Sold in 25mm increments: 0–25mm, 25–50mm, 50–75mm, 75–100mm, and so on up to very large ranges. A 0–25mm outside micrometer covers the majority of small-dimension work. If you regularly measure across multiple size ranges, a set is more economical than buying individually. Dasqua outside micrometers are available in both metric and imperial at AIMS — see the full micrometer range for what's currently in stock.

Automotive note: Dasqua makes a dedicated Disc Brake Micrometer with a 7–33mm range and 0.01mm graduation — purpose-built for checking brake disc thickness against manufacturer minimum specifications. A practical addition to any workshop doing brake work.

When to use: Shaft OD, fastener shank diameter, bar stock verification, seal journal diameter, brake disc thickness, any external dimension.

Inside Micrometer (Internal Micrometer)

Measures internal dimensions — bore diameters, groove widths, slot widths. Where an outside micrometer closes onto a surface, an inside micrometer expands outward to contact the inside of a bore or slot.

Inside micrometers come in two main forms: tubular (a measuring head with extension rods for different ranges, starting from around 5–30mm in basic sets) and three-point bore micrometers (discussed separately below). Dasqua 3-point inside micrometer sets in the 20–50mm and 50–100mm ranges are stocked at AIMS.

When to use: Bearing housing bore, cylinder bore, internal groove width, sleeve ID, any internal dimension requiring micrometer accuracy.

Bore Micrometer (3-Point Inside Micrometer)

A specialist inside micrometer with three measuring points arranged radially, ensuring it automatically centres in the bore and reads true diameter — not a chord. Significantly more accurate than a two-point inside micrometer, particularly in bores that may not be perfectly round.

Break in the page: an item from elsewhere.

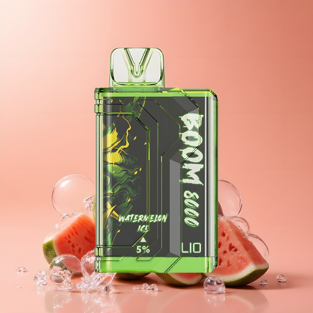 LIO BOOM PRO 8000 Puff Eldobható Vape Görögdinnye Jég, 15ml, 5% Nikotin, Mesh Coil, Type-C töltés, Magyarország Nagyker
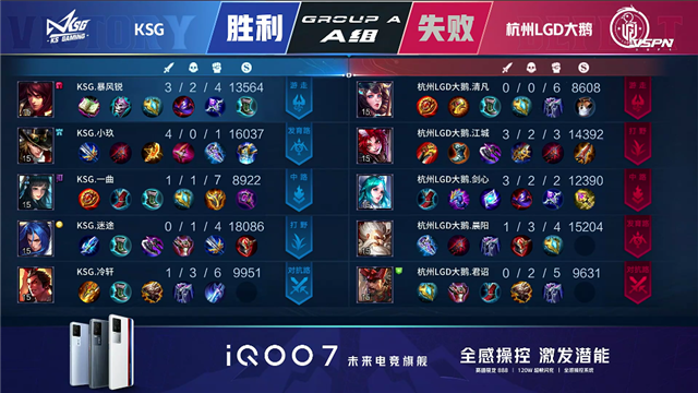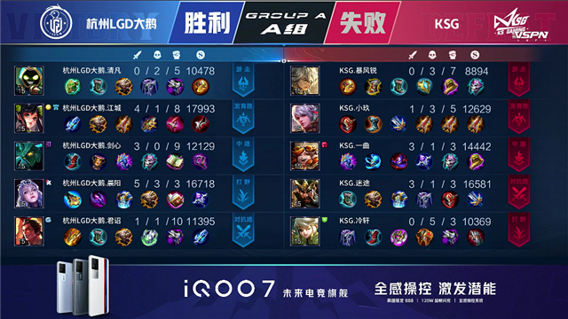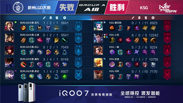 JRS直播网讯 5月3日2021KPL春季赛常规赛第七周第一日第三场比赛,由A组的KSG对阵杭州LGD大鹅,以下是本场比赛快讯。

Bore micrometers require a setting standard — typically an outside micrometer set to the nominal bore size, or a precision ring gauge — to zero before use. That extra setup step is why they're used where the result genuinely matters: engine cylinder bores, hydraulic cylinder bores, precision bearing housings.

When to use: Engine rebuilds (cylinder bore measurement, main bearing housing), hydraulic systems, any precision bore where roundness needs to be assessed alongside diameter.

Depth Micrometer

Measures the depth of holes, slots, shoulders, and recesses. A flat base plate sits on the workpiece surface; the spindle extends down into the feature. The thimble and sleeve read exactly as on an outside micrometer, just in a different orientation.

Depth micrometers often come with interchangeable rods to cover different depth ranges — typically 0–25mm, 25–50mm, and 50–75mm from a set of three rods. Dasqua and Maxigear depth micrometers and digital depth gauges are available through AIMS in metric and imperial variants.

When to use: Keyway depth, counterbore depth, slot depth, shoulder height, step measurement, blind hole depth.

Thread Micrometer (Pitch Micrometer)

Measures the pitch diameter of external threads — the effective diameter at which the thread mates with its counterpart. Standard flat contact faces are replaced with a V-shaped anvil and a 60° conical spindle that seat into the thread flanks at the pitch line.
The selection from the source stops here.